■ **THE TASK**:
If pictures appear in the lines below, skip them and copy exactly the lines from the one containing "在原木標本展廳,一塊跨越萬年" through the one containing "维也纳兽医大学(University of Veterinary", and nothing else.
___ DATA RECORDS ___
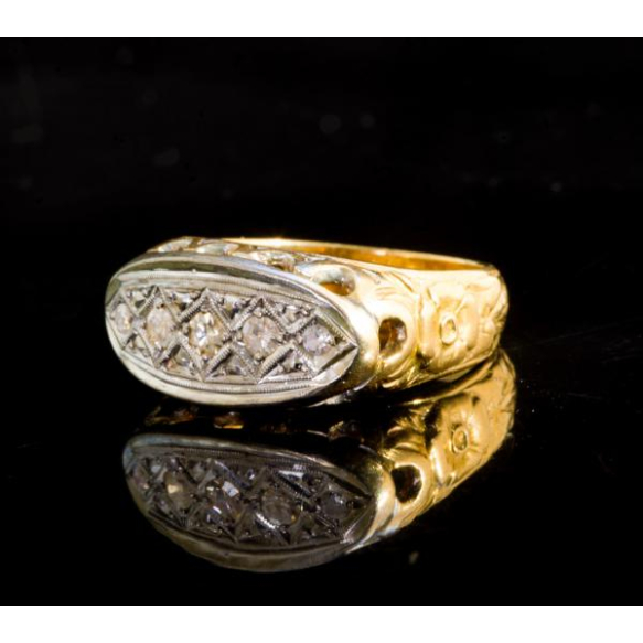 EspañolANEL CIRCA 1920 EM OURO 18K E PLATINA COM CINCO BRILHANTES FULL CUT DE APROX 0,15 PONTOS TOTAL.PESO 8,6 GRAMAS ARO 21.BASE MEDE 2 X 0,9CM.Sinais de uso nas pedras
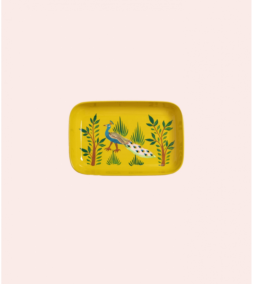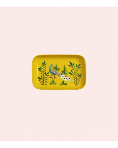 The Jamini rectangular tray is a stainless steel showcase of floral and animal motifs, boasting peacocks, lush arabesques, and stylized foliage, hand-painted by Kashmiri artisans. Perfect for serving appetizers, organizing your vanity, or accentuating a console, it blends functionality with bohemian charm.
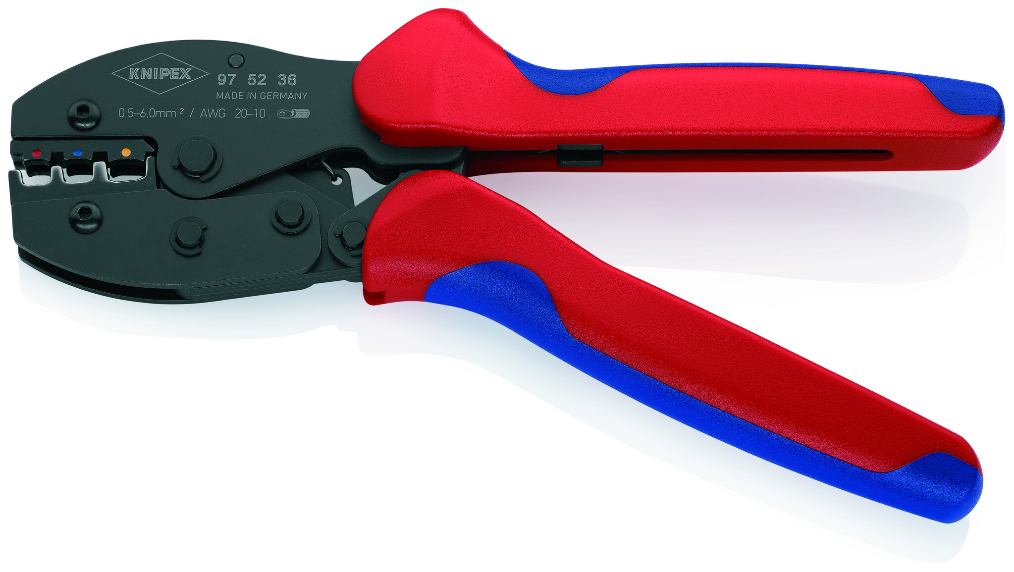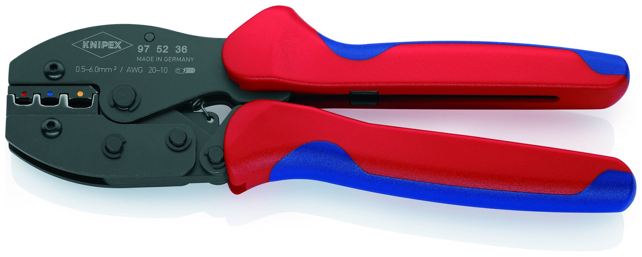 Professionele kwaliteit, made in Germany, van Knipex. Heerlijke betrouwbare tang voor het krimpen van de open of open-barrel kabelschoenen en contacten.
___
___ DATA RECORDS ___
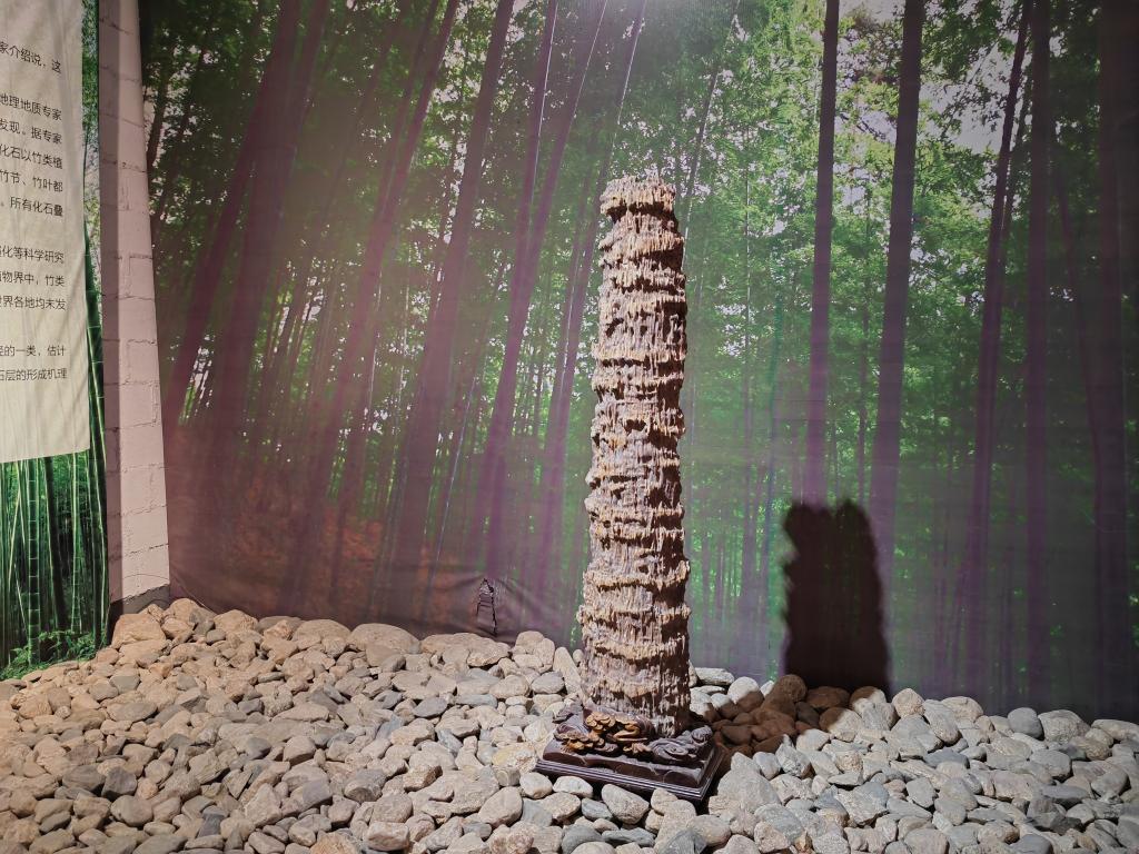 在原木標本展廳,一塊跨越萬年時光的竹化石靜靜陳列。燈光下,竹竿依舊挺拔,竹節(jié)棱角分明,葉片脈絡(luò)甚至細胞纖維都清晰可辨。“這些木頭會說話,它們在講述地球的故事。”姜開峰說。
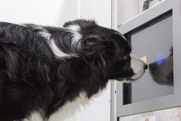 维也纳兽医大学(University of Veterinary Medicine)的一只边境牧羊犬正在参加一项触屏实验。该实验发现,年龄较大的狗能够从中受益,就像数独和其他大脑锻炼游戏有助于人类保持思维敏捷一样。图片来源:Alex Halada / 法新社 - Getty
___
■ **SOLUTION TO THE PROBLEM**:
 在原木標本展廳,一塊跨越萬年時光的竹化石靜靜陳列。燈光下,竹竿依舊挺拔,竹節(jié)棱角分明,葉片脈絡(luò)甚至細胞纖維都清晰可辨。“這些木頭會說話,它們在講述地球的故事。”姜開峰說。
 维也纳兽医大学(University of Veterinary Medicine)的一只边境牧羊犬正在参加一项触屏实验。该实验发现,年龄较大的狗能够从中受益,就像数独和其他大脑锻炼游戏有助于人类保持思维敏捷一样。图片来源:Alex Halada / 法新社 - Getty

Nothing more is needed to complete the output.